ちょっと金さんの今後の立場が心配になったりもしますが、こういったことを言えるようになってきたのも、やはり自信が付いてきたからだと思うのです。つまりいい意味で日本を対等の存在として見ることが出来るようになってきたのだと思います。「貧すれば鈍する」の反対ですね。やはり「一身独立して国独立す」なんだと思います。
そう思うと共に、
「独立を維持する力を自ら整えることなく、列強に頼ろうとばかりしていた高宗(朝鮮第26代国王)の「権力バランス外交」もあざけりと不信を招いただけだった。英国人記者マッケンジーが日露戦争直前の1904年2月に高宗の側近、李容翊(イ・ヨンイク)を取材し、「韓国が自らを救うためには、改革が必要だ」と述べると、李は「韓国は安全だ。韓国の独立は米国と欧州によって保障されているからだ」と答えたという。東アジアが緊迫の度を増していた時代に国際秩序を誤って理解し、外部勢力に依存した代償として受け取った請求書は「亡国」だった。
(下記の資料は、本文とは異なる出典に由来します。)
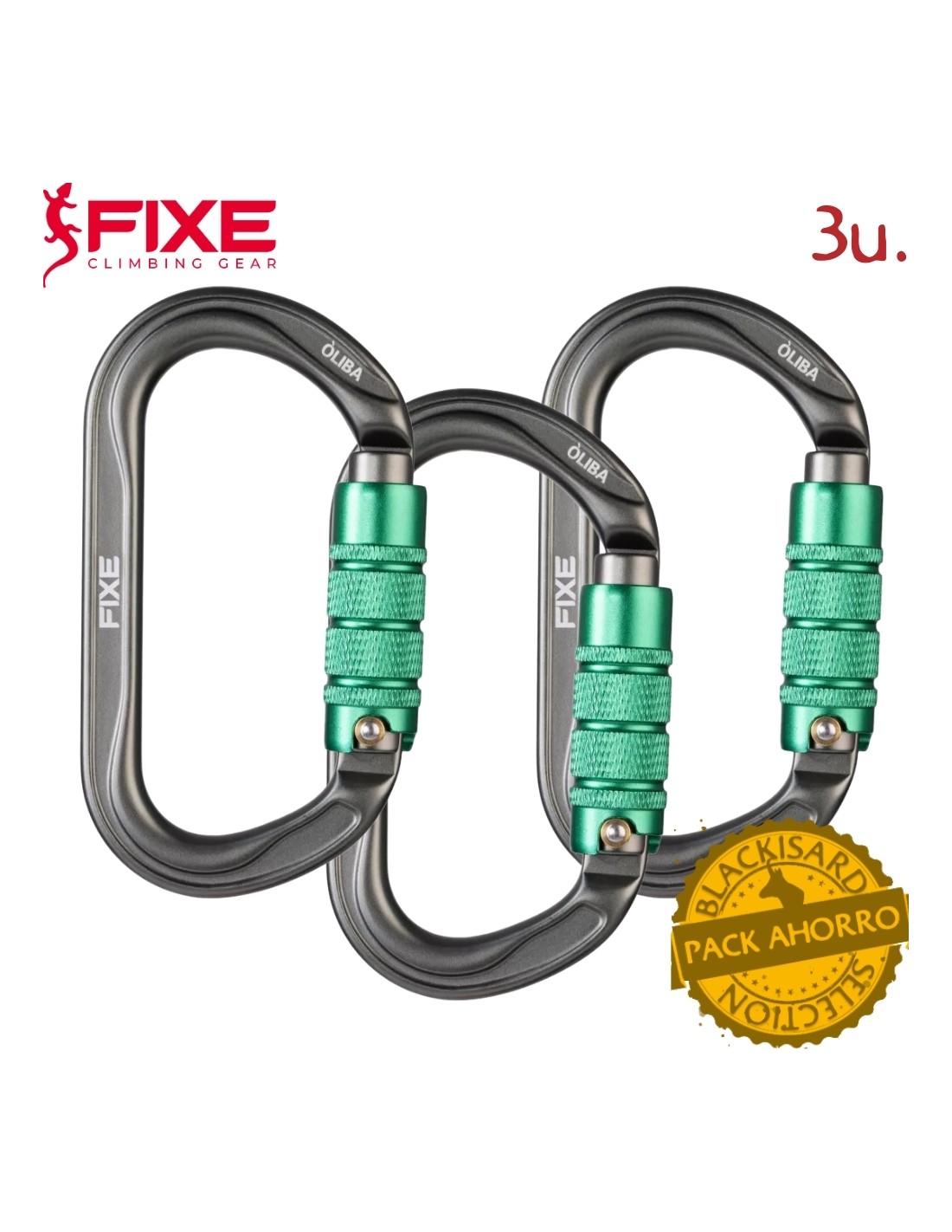Pack 3 Òliva Triple Lock - Mosquetón simétrico automatico 3 movimientos - Fixe

」
が今の日本に当てはまらないとは、断言出来ないような気にもなってくるのです。防衛費削減、在日米軍への扱い、片方の候補が言っている在日米軍のあり方、対米外交のあり方、対中外交のあり方を見ていると。そう言えば前総理がおっしゃっていた友愛の海はどこら辺にあるのでしょうかね?

「珍しくこんな記事を見ました」に2件のコメントがあります

  1. 「近現代史を教えない」という戦後教育の弊害を受けてきた世代のひとりとして考えさせられる内容でした。勉強になりました。ありがとうございます。
    加藤陽子氏が栄光学園の生徒達への講義内容を纏めた「それでも日本人は・・・」の読後に感じた感覚に似ているような気がします。それとも「坂の上の雲」の中にある昭和の軍人を痛烈に皮肉った一文を目にしたときに覚えた感覚でしょうか?
    ともあれ、猛暑の秋の大会が始まりましたね。今日はこれから等々力に行こうと思っています。

  2. kktfさん
    コメントありがとうございます。
    浅学な自分が大先輩であるkktfさんに「勉強になりました」とおっしゃっていただくと、大変恐縮してしまいます[E:coldsweats01]
    司馬遼太郎さんは確か歴史を「鳥瞰」する意義を説いていらしたかと思います。よく隣国が「歴史を鑑として」と言います。その言葉には賛成なのですが、意味合いは違います。彼らは加害者被害者の観点から言っています。これは道義的な上下関係を続けさせようとすることに他なりません。つまり外交カードとして使っています。そうではなく人間同士の起こす本質的な部分をつまみ出し、自分たちの未来のために役立てることが大事なのだと思います。その点で、この記事は珍しく加害者被害者の観点ではなく、エッセンスを取り出そうとしていたので、ご紹介してみました。